Fantasy Sports Are Safe

Sports fanatics can relax — fantasy football websites are still safe for now. Ironically enough, the legislation would still leave fantasy teams, including fantasy football money leagues, free of prosecution, the lawmakers said. The odd distinction set into motion a series of debates over exactly where in the online gambling world fantasy sport owners resided.

The Chicago-based Fantasy Sports Trade Association helped spell out reasons why fantasy sports were somehow exempt from such legislation, arguing that fantasy sports, such as fantasy football, were based on skill and knowledge rather than luck. That distinction, the group said, was one of the key factors separating it from something like online blackjack.

“Fantasy sports leagues are games of skill,” the group said on its website. “Managers must take into account a myriad of statistics, facts and game theory in order to be competitive. Fantasy sports players are motivated to enter the hobby for reasons that have nothing to do with money or prizes.”

And, as if that were not enough to protect the craft, the absence of any sweeping federal legislation has allowed for different states to adopt different laws, making it difficult to enforce whether or not certain leagues break gambling laws when they include players from all over the country.

Splitting Hairs

While the distinction may seem slight, one of fantasy sports’ saving graces came in the difference between exactly what its customers were betting their money on.

Under current law, risking money, regardless of the amount, on the outcome of a sporting event constitutes gambling. But in fantasy sports’ case, participants are not betting their money on games. They’re betting on individual players.

At the end of the day, that seemingly minute difference between betting on games and betting on players has kept fantasy sports — and betting — legal as long as they come as a package deal.

Red Flags for Fantasy Sports Fans

The proposed legislation sparked members of the fantasy sports industry to keep tabs on which way Congress chooses to go. Whether current law protects fantasy sports gambling, including fantasy football for money leagues, or not, the industry certainly opened its eyes and ears to what could become a heated debate in the online gambling arena.
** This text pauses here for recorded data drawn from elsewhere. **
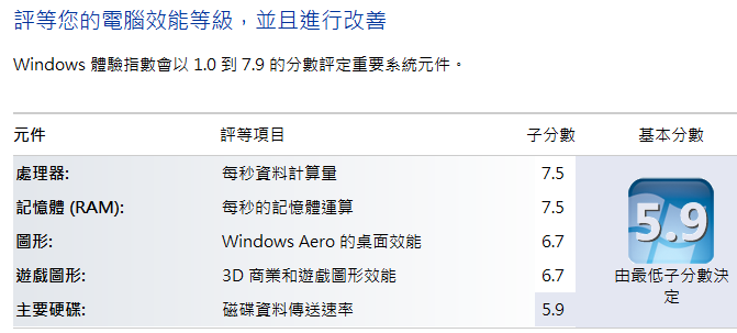 而他的存取速度相當快速,不會有傳統硬碟的啟動時間與搜尋時間所延遲,我們直接使用Windows中內建的體驗指數來看,雖說底下兩張圖並不是同一台筆電不同硬碟所測出來的結果,但我們可以明顯看到使用傳統硬碟的筆電,效能的瓶頸就是落在傳統硬碟上,也就是說整台筆電無論處理器或是顯示卡有多強大,但資料都還在硬碟中還沒讀出來,那也快不到哪裡去。但如果換上SSD後,瓶頸點就轉移到其他的處理器上,馬上就會讓整體的效能提升許多。這一點也就是讓人用過具有SSD筆電後,會回不去使用傳統筆電的最大原因。以重新開機速度來說,搭配SSD的筆電大多只要在10秒鐘內就可以完成,但如果以使用傳統硬碟的筆電來說,至少都是兩倍以上。而開啟檔案、存檔的效率,都可以讓軟體的執行更順暢。你還記得在玩遊戲時,關卡之間的轉換必須都要等很長一段時間在讀取與存入資料才能進行下一個關卡,如果使用SSD的話,這段時間就會非常快速的完成,也讓你不必再等到花兒都謝了。
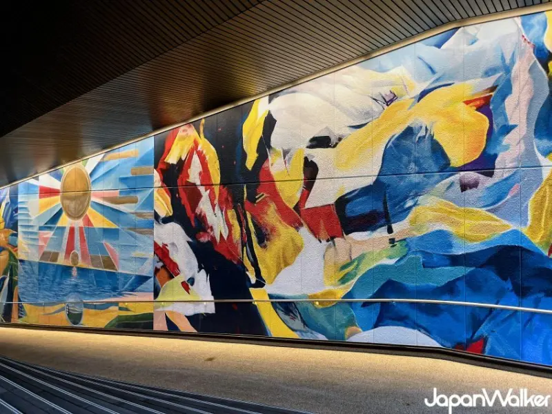 如果從13樓沿著螺旋步道下樓,將可看到每一層樓皆有各個藝術家的彩繪壁畫,還有簡單的溜滑梯可供遊客體驗。特別推薦到了12樓時,一定要入內至「紙鶴廣場」參觀體驗,這裡設有非常壯觀的玻璃「紙鶴牆」,參觀民眾可選擇自己喜歡的色紙摺成紙鶴,放入玻璃牆的箱口後,一隻隻乘載著世界各國旅人的祈禱紙鶴,就會填滿這片紙鶴牆。
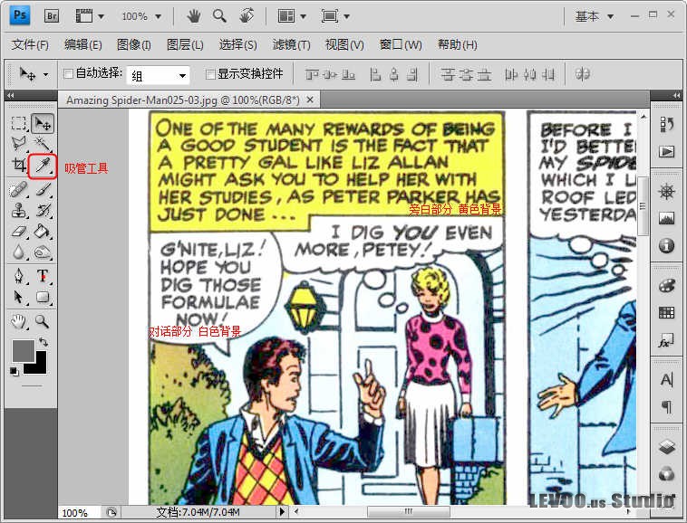 打开的漫画图片,旁白部分为黑字黄底,要掩盖字体就需要为笔刷取得与原图黄色背景相似的颜色,然后用笔刷把字体“刷”掉;点击PS工具箱上的吸管工具,然而点击旁白部分的黄色背景,如图:
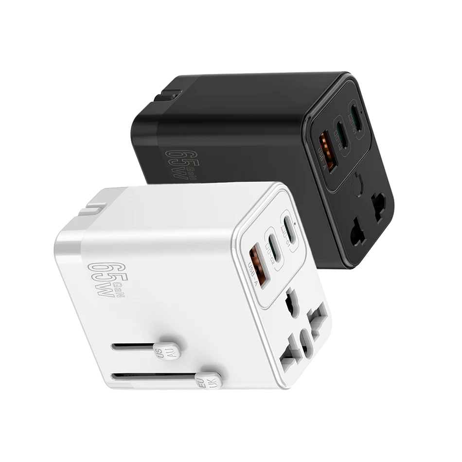 Универсальный дорожный адаптер питания URVNS GaN 65 Вт с 2 портами USB-C и QC3.0, настенное зарядное устройство, розетка переменного тока для Великобритании, ЕС, Австралии, США
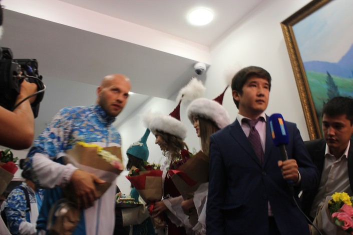 Напомним, в ночь с 23 на 24 августа в Международном аэропорту столицы встречали олимпийские сборные по боксу и женской борьбе. Увидеть одними из первых на Родине спортсменов приехали родные и близкие, городские власти, а также гости и жители Астаны. Аким города Асет Исекешев подарил олимпийскому чемпиону Данияру Елеусинову и серебряным призерам Игр Василию Левиту и Гюзель Манюровой новые автомобили. Акимат решил преподнести такой щедрый подарок этим спортсменам, так как именно они представляли Олимпийскую сборную Казахстана от Астаны. Из аэропорта столицы спортсмены с семьями уехали на своих Toyota Land Cruiser и Land Cruiser Prado.
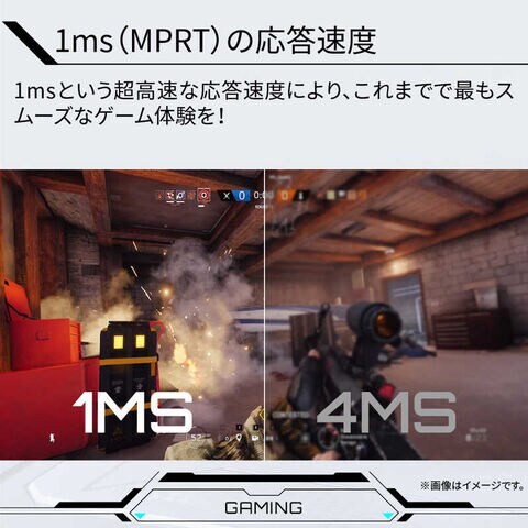 1msという超高速な応答速度により、滑らかな映像のゲーム体験をお楽しみいただけます。
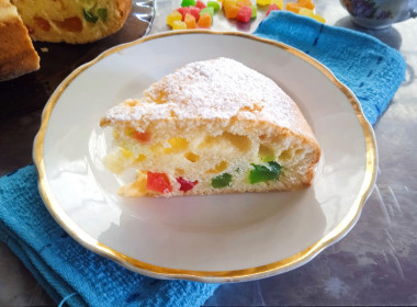 Захотелось испечь пирог с цукатами. Поискав варианты приготовления, мне понравился творожный кекс в мультиварке. Взбила миксером растопленный маргарин с домашними яйцами, сахарным песком, творогом и добавила сухие ингредиенты. Вместо соды положила разрыхлитель. Тесто получилось густое, положила цукаты и перелила в форму. Готовить решила не в мультиварке, хотя она есть, так как перебои со светом. Чтоб не рисковать запихнула форму в газовую духовку. Пекла пирог 55 минут при 180 градусах. Шикарный получился десерт. Когда остыл, порезала на кусочки. В разрезе красота, словно разноцветные самоцветы. Получился кекс нежный, рыхлый, мягкий и очень вкусный. Мне рецепт понравился. Ничего сложного. Быстро и просто. Да, творожные кексы самые вкусные, соглашусь с автором.

“I had one coach tell me there’s so much money in some of these fantasy-football playoff pools that people who used to gamble with bookies illegally are now gambling in high-stakes fantasy football leagues, which is not illegal,” Peter King of told NBC Sports. “[The] NFL has its antennae up over this, and it’ll be interesting to see if the pressure escalates to more serious threats on players or coaches.”

Game On

Congress might still be mulling over exactly where it wants to draw the chalk line between legal and illegal gambling over the Internet, but the legality of fantasy betting has consistently remained protected — fantasy football websites included.

Either way, though, the multi-million dollar industry has lobbyists looming to make sure the game goes on. We will all be watching.